Many of the Chinese generals in the CBI later retreated to Taiwan along with Chiang Kai-shek after he lost the battle with the Communist Party following WWII. Some of them are still alive.
"The enthusiasm toward the exhibit went well beyond our expectation," said Wang, who is a renowned photographer in China. "Through these powerful photos, people now know that we have so many heroic generals and soldiers and we had such glorious victory during WWII."
While in Taiwan, someone suggested that Wang take the exhibit to the US so American people could also see that the US and China were deeply connected during that period.
Formerly a scholar at the Institute of American Studies of the Chinese Academy of Social Sciences and now vice-chairman of UBS Investment Bank, Wang's husband, He Di, actively looked for a US partner to sponsor the exhibit.
Finally, the Kissinger Institute on China and the United States of the Wilson Center, a leading think tank in Washington, became the US sponsor, and the China Overseas Exchange Association, the outreach arm of the Overseas Chinese Affairs Office of the State Council of China, sponsors the exhibit as a Chinese partner.
The project soon gained support from other leading organizations active in promoting US-China relations, including the National Committee on United States-China Relations, the Committee of 100, the General Joseph W. Stilwell Scholarship and the Scowcroft Group. The Asia Culture and Media Group provided logistical support.
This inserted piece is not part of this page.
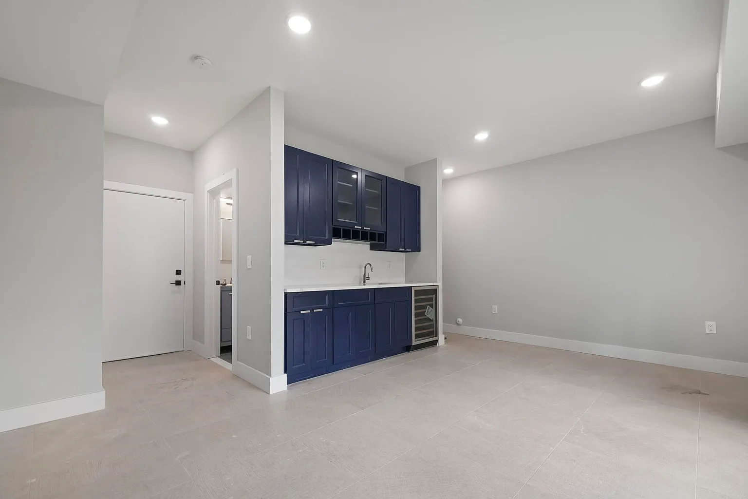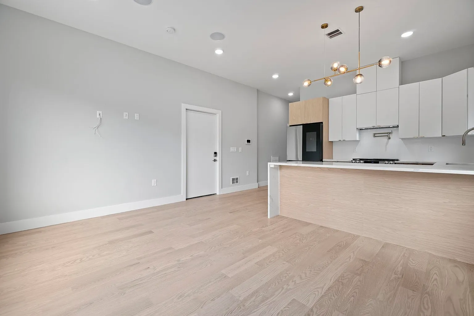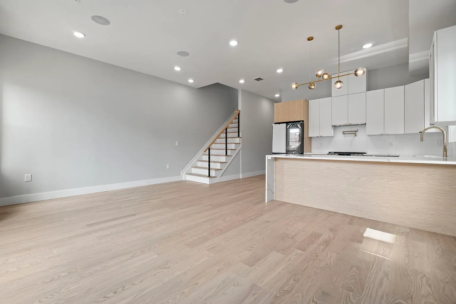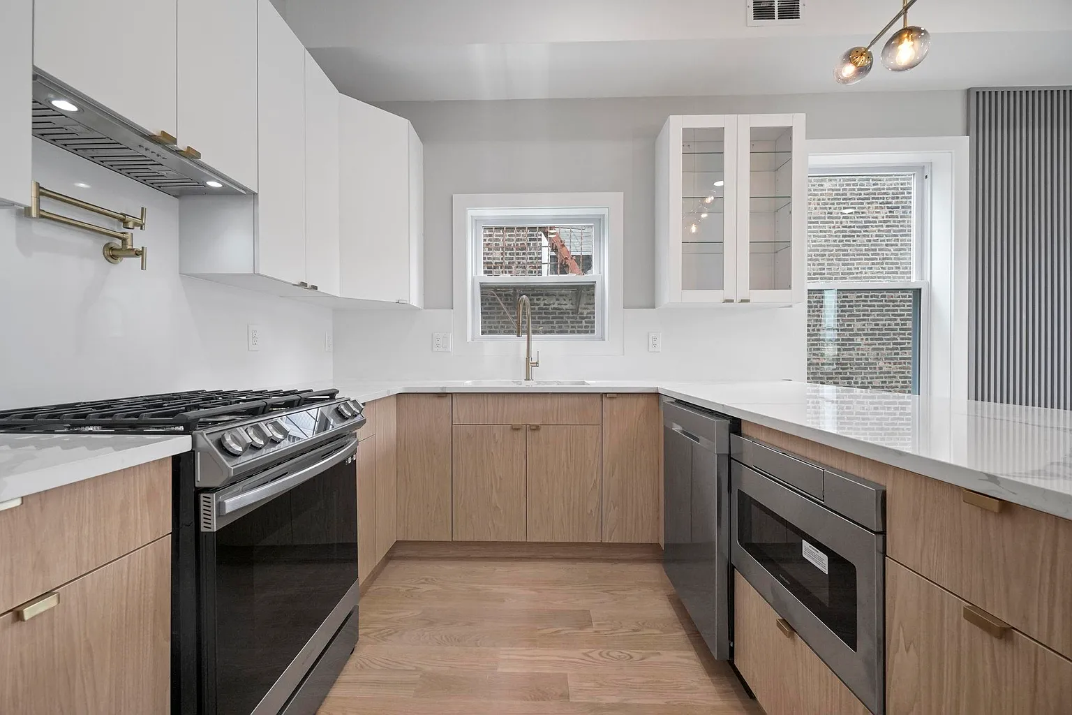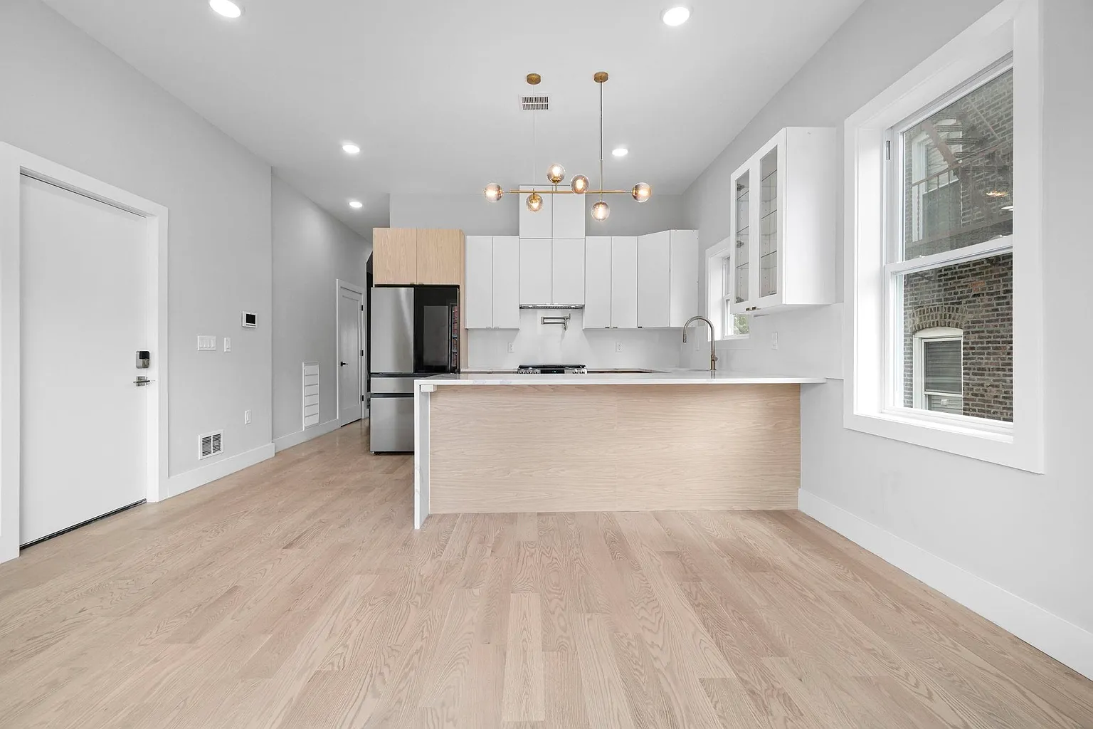 This contemporary multi-family home showcases expansive open-concept living and dining areas with soaring 10-foot ceilings and walls of windows that flood the interiors with natural light. Each chef-inspired kitchen features top-line cabinetry, smart stainless-steel appliances, a dramatic waterfall quartz island, and porcelain backsplashes with accent lighting, creating a refined yet practical cooking space.

"When Americans tell stories of WWII, the war in Europe comes first and the war in the Pacific came second. So, the result is that they do not know very much about the war on the Asian mainland," said Robert Daly, director of the Kissing Institute, who hosted the exhibit's opening ceremony. Attending the event were descendants of CBI veterans, including Easterbrook, McMurrey's daughters, Shan Stodter, US military officers and China experts.
"The most important thing to know is that the United States and China have a joint history. We have worked for common interest. That is worth celebrating and remembering," Daly told China Daily.
Zhang said the exhibit will be taken to New York, San Francisco and Hawaii next year, the 70th anniversary of the end of WWII.
While the exhibit was up in Washington, Jill Elkins, a Maryland resident, happened to be passing by with her two children, and they stopped to look at the photos. Elkins' father was with US Army Air Corps in the CBI.
"The old pictures are amazing. There are a couple of photos showing American soldiers doing some radio work. I believe my father did some of that, too. I will keep looking to see whether I can find him. I wish I knew more of his time there," she said.